→ DATA FOR ANALYSIS:
········
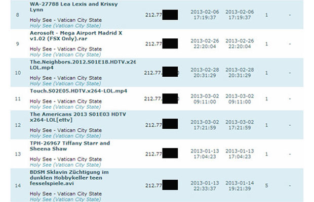 Η ιστοσελίδα TorrentFreak έδωσε στη δημοσιότητα στοιχεία για τις ταινίες που «κατέβηκαν» το 2012 μέσα από το Βατικανό και όπως προκύπτει κάποιος κατεβάζει πορνοταινίες!
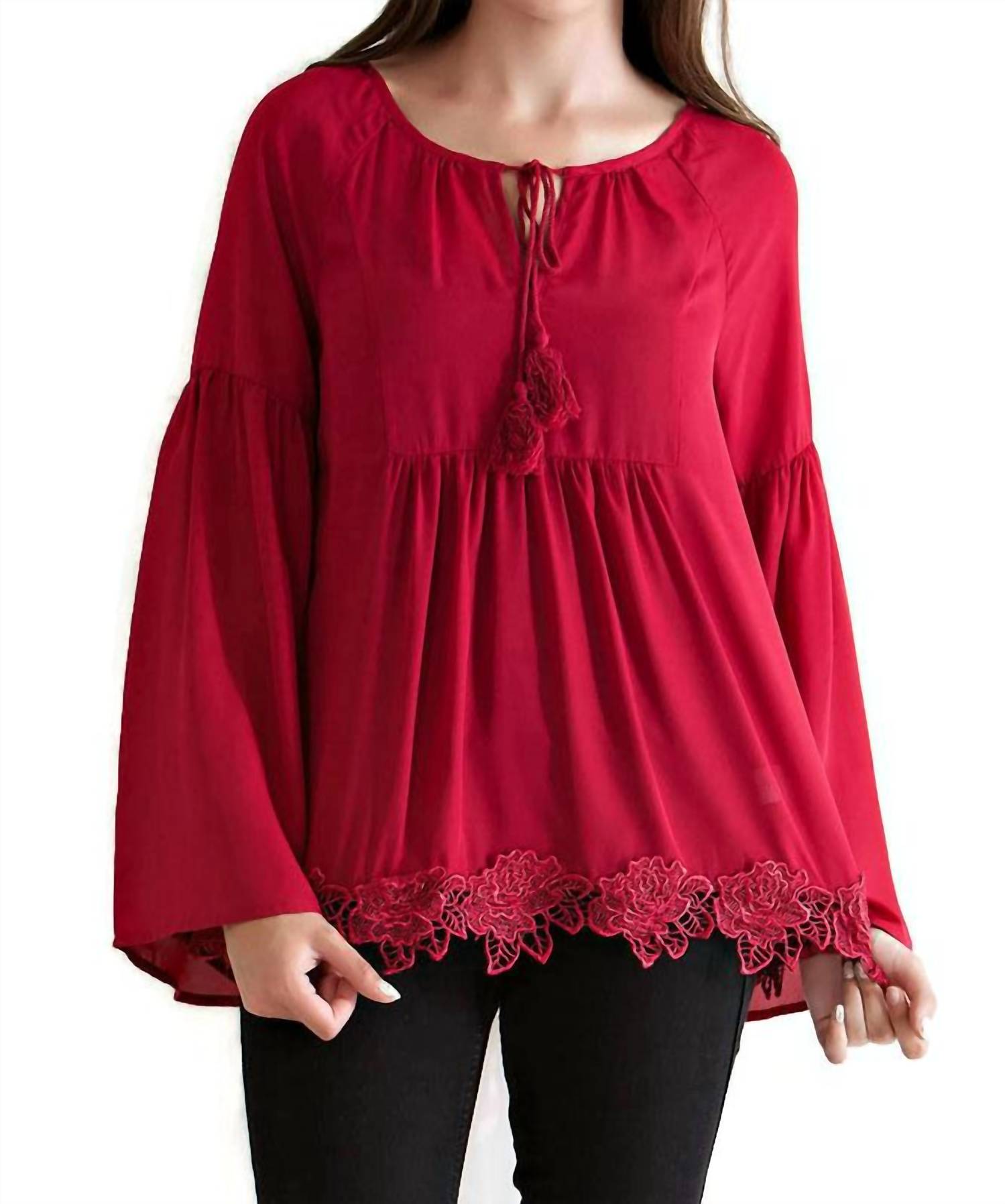 Elevate your bohemian style with the Entro Lace, Bell & Tassel Tunic Top in a vibrant red hue. This textured blouse features long bell sleeves, a split V-neckline with tassel ties, and delicate lace on the hemline. Crafted from 100% lightweight polyester, this semi-sheer woven fabric ensures both comfort and a touch of elegance. Available in sizes Small, Medium, and Large with a consistent length of 27 inches, this tunic top offers a breezy silhouette perfect for warm weather dressing.
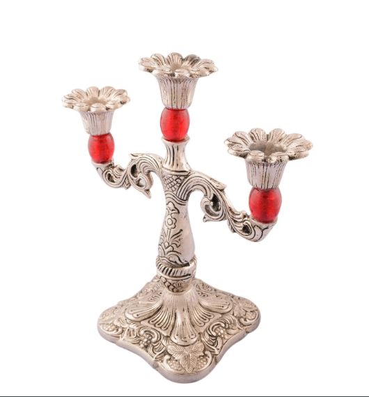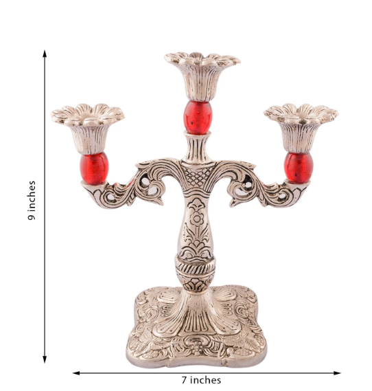 Product Description - Candle stands have been in vogue for ages now and continue to be. And at , you can discover our white metal silver & red 3-candle stand that makes a great home decor item. Decorate your home with our candle stands which are a great home decor item as well as a great gift. Each stand is diligently handcrafted by our professional artists by utilizing various inherited techniques. This stand serves as a great gift option for your friends and family when it comes to festival gifting. Adorn your home with this candle stand of ours and stand out when it comes to your home interior as it will give a touch of royalty to your home.
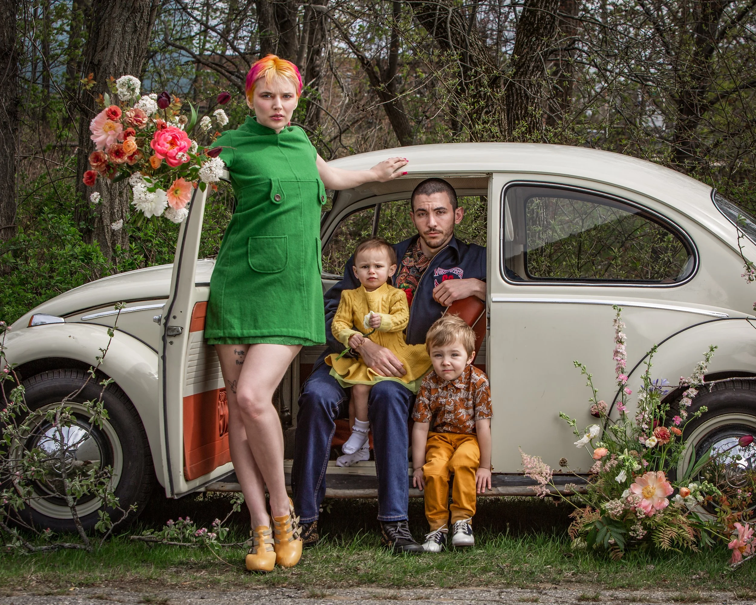A family poses by a vintage white car decorated with flowers. A woman in a green dress holds a bouquet, a man sits in the car holding a small child, and another child sits on the car's edge, all surrounded by greenery.
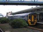 Transpennine express DMU class 158 158763 approaching platform 2 at Meadowhall station on a rainy day service to Clethorpes 29.5.06
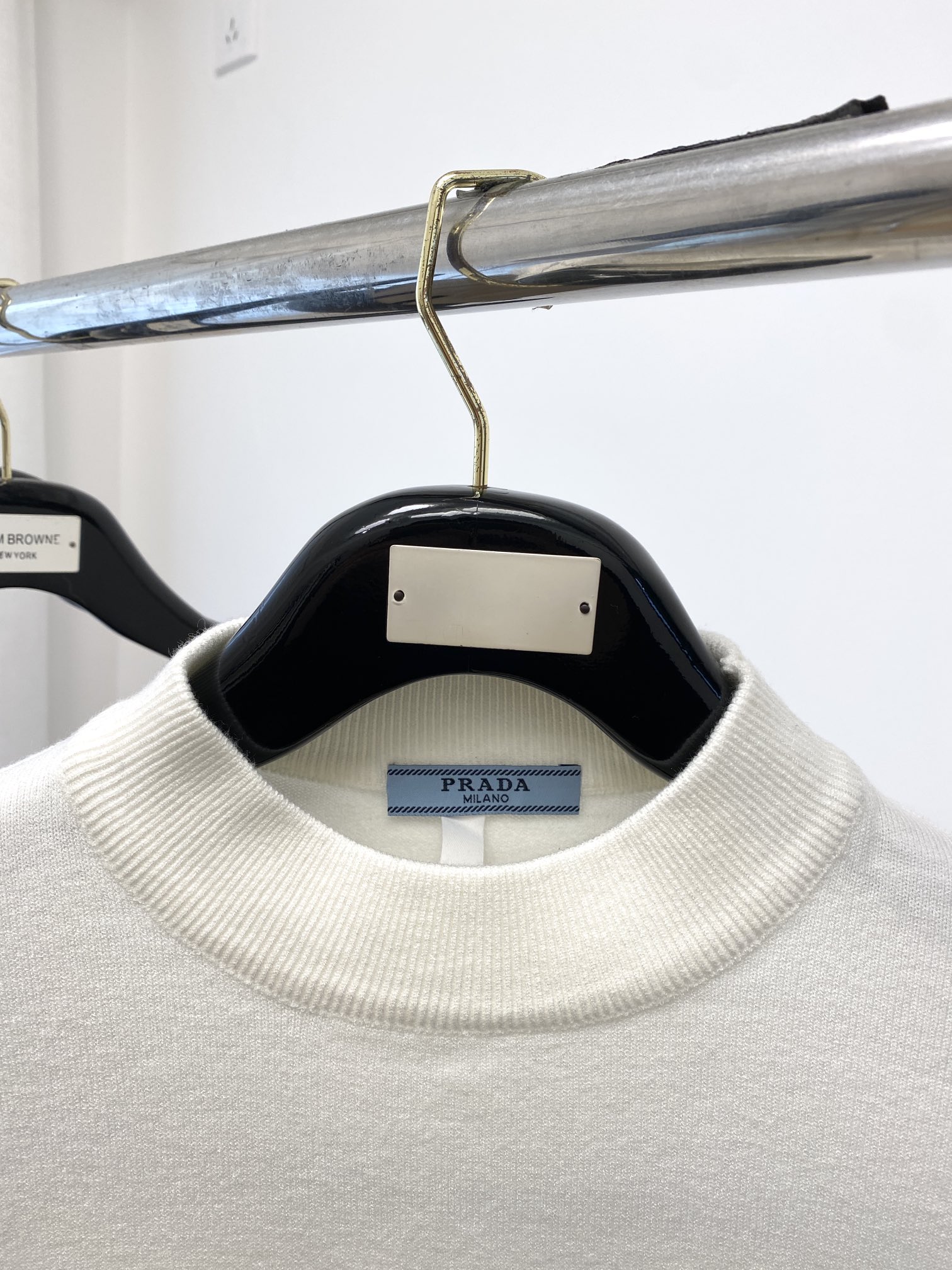 这款衣服是AAAAA 1:1 质量 (非常棒). 使用了和原版一模一样的材料. 商标部分也保持了和普拉达/Prada一样. 图片拍摄是实物衣服拍摄, 您所收到的实物保证和我们图片一模一样.
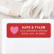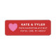 Simply stylish wedding return address labels feature a red background, custom white text that can be personalised, accented with a pink heart shape. The colours and fonts can be completely personalised.
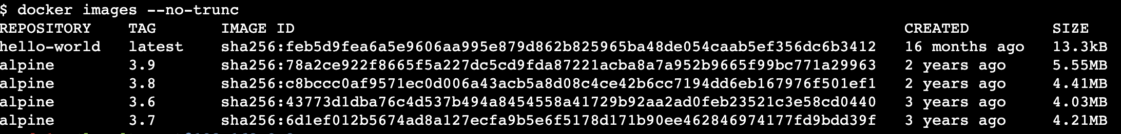 The docker images command takes an optional [REPOSITORY[:TAG]] argument that restricts the list to images that match the argument. If you specify REPOSITORY but no TAG, the docker images command lists all images in the given repository.
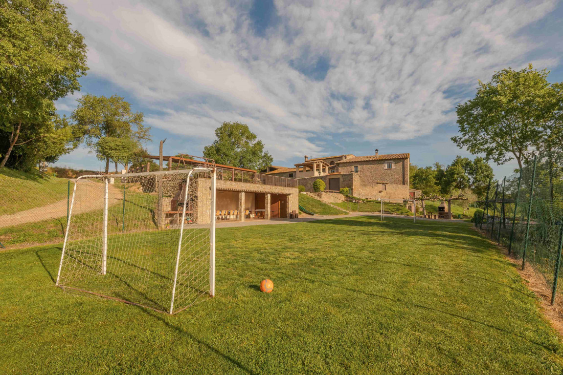 La zona exterior la forma un gran jardí de més de 2.000 m2 amb un gran porxo amb barbacoa equipat amb una petita nevera, rentaplats i lavabo, on poder dinar tots junts. Una piscina amb tanca, de 8 x 4 m d’ús exclusiu per als hostes, un petit estany amb oques, zona de futbol amb dues porteries, gronxadors, tobogan, taula de ping-pong. La casa disposa d’un espai ampli també per a pàrquing.
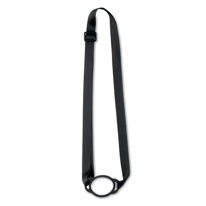 Lanyard with silicone festival event cup holder (6 cm diameter) and PP adjustable buckle. Lanyard 20 mm wide.
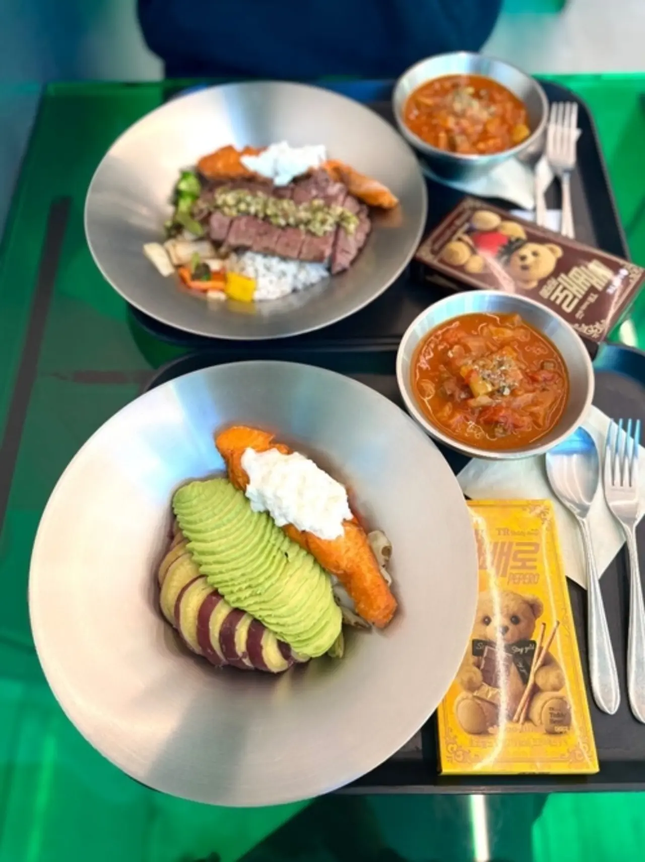 キム・ヘスは知人と食事をしている中で外食さえ健康に食べていて目を引く。
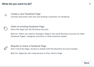 - A pop-up will appear -> click “Claim an existing Facebook Page”
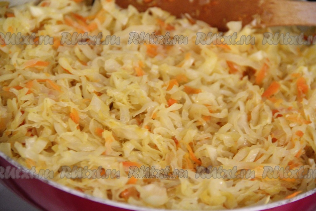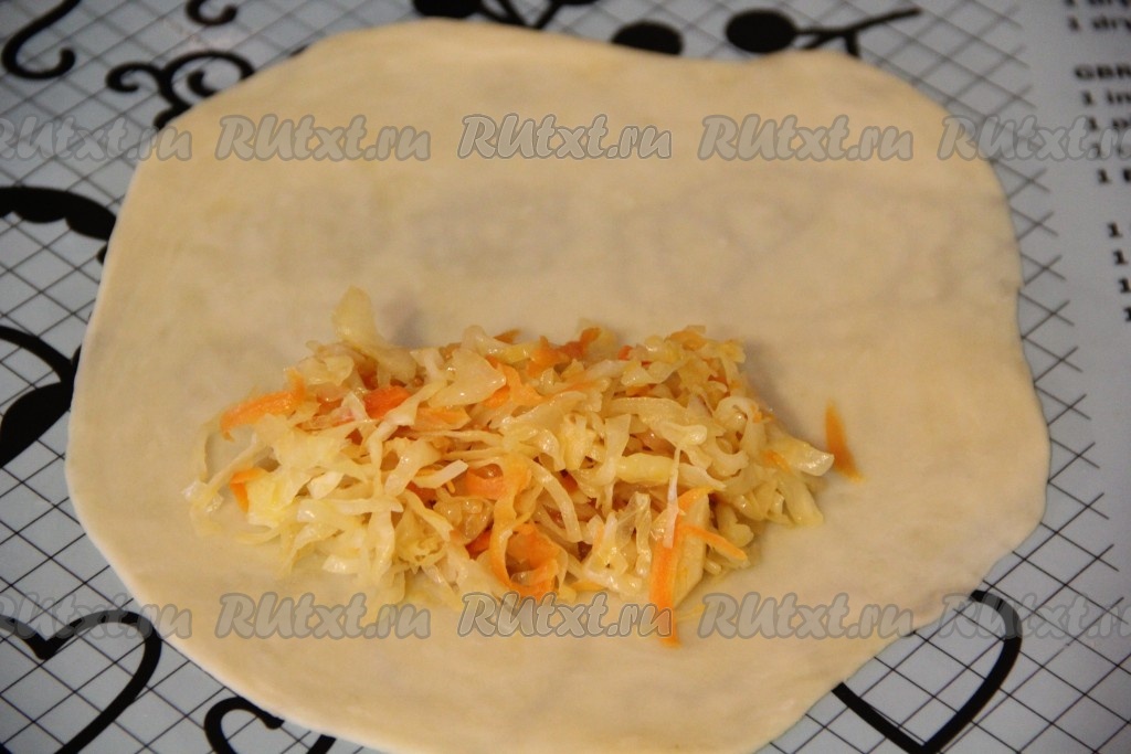Для начала приготовить начинку: капусту тонко нашинковать. Морковь почистить и натереть на крупной тёрке. В сковороду влить масло и добавить морковь, слегка обжарить. Затем добавить капусту. Хорошо перемешать и жарить капусту в течение 15 минут при помешивании, затем посолить, поперчить. Снять сковороду с огня и немного остудить начинку.
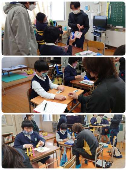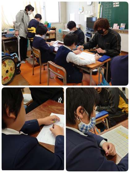 4時間目になかよし学級の公開授業を行いました。算数の書き方や、たし算・ひき算・かけ算、時計の読み方、形合わせなど、どの子も自分の課題に向かってどんどん学習を進めていきました。一人一人が集中して学習していて、先生からたくさん丸をもらっていました。とってもよくがんばっていましたよ。
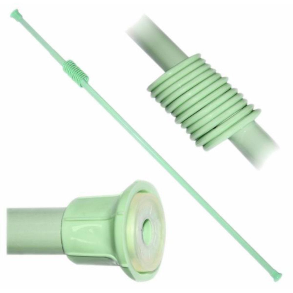 Карниз для шторки в ванную комнату с раздвижным телескопическим механизмом для регулировки длины. Конструкция представляет собой две трубки, вставленные одна в другую. Внутри карниза скрывается специальный механизм с пружиной, отвечающий за фиксацию трубок относительно друг друга в выбранном положении. Силиконовые вставки по краям карниза предотвратят его скольжение по стенам. В комплект поставки входят 12 пластиковых колец для крепления шторки к карнизу.
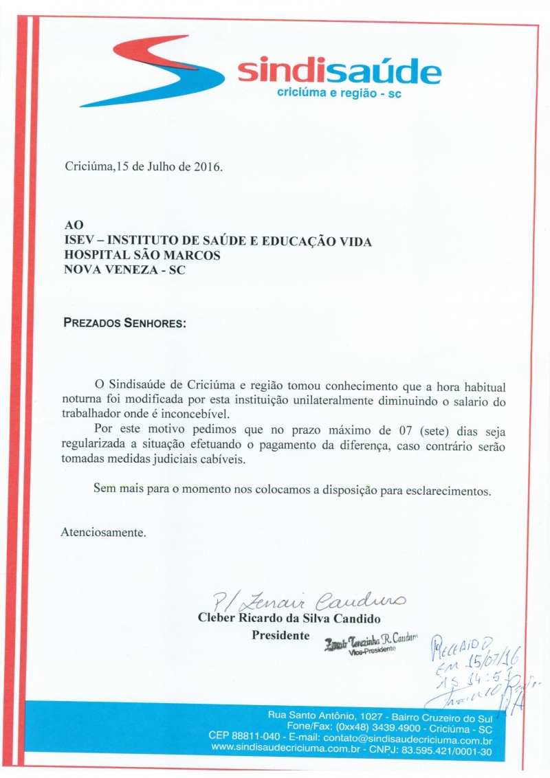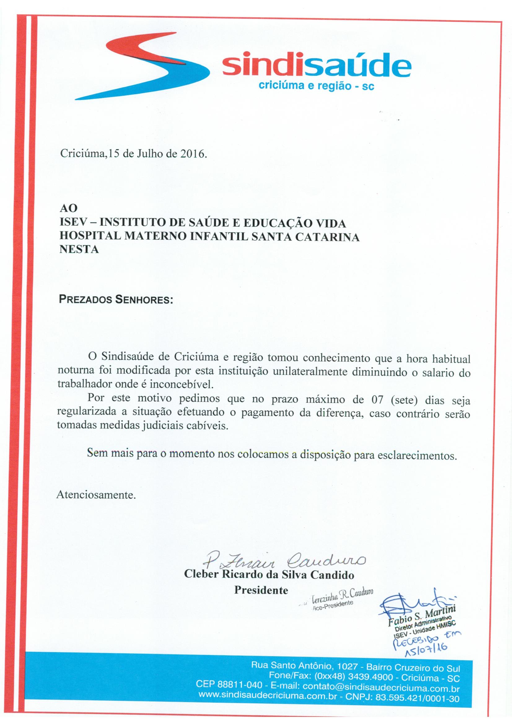 OFÍCIOS ENCAMINHADOS AO ISEV HMISC E ISEV NOVA VENEZA SOBRE HORA HABITUAL NOTURNA
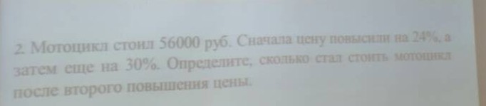 После повышения цена составила 124% от первоначальной, то есть 56000 · 1,24 = 69440 руб. После этого цену повысили еще раз, значит, она составила 130% от уже повышенной цены: 69440 · 1,3 = 90272 руб.
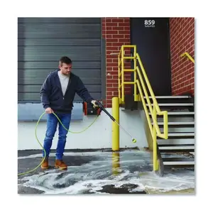 2. Place detergent application siphon tube and screen filter directly into solution. Open meter valve (if applicable) for maximum product flow. For reservoir machines, pour concentrate (full strength) directly into pressure washer.
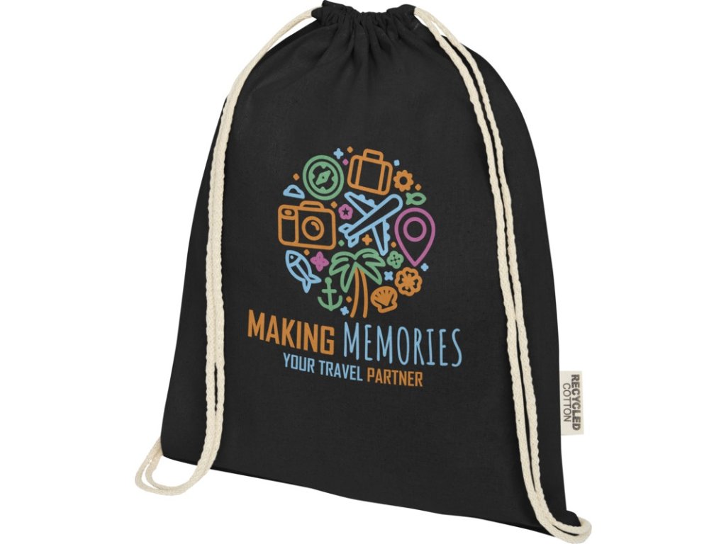 Batoh so šnúrkou Oregon vyrobený zo 100% recyklovanej bavlny s certifikáciou GRS. Sťahovacia šnúrka uľahčuje otváranie a zatváranie a bavlnený materiál o gramáži 140 g/m? je pevný a odolný. Nosnosť do 5 kg.
········
→ TASK REQUIREMENTS: Restate exactly, please, only the lines between the start of the data and the line containing "Elevate your bohemian", both ends included, skipping the pictures.

→ ANSWER SECTION:
 Η ιστοσελίδα TorrentFreak έδωσε στη δημοσιότητα στοιχεία για τις ταινίες που «κατέβηκαν» το 2012 μέσα από το Βατικανό και όπως προκύπτει κάποιος κατεβάζει πορνοταινίες!
 Elevate your bohemian style with the Entro Lace, Bell & Tassel Tunic Top in a vibrant red hue. This textured blouse features long bell sleeves, a split V-neckline with tassel ties, and delicate lace on the hemline. Crafted from 100% lightweight polyester, this semi-sheer woven fabric ensures both comfort and a touch of elegance. Available in sizes Small, Medium, and Large with a consistent length of 27 inches, this tunic top offers a breezy silhouette perfect for warm weather dressing.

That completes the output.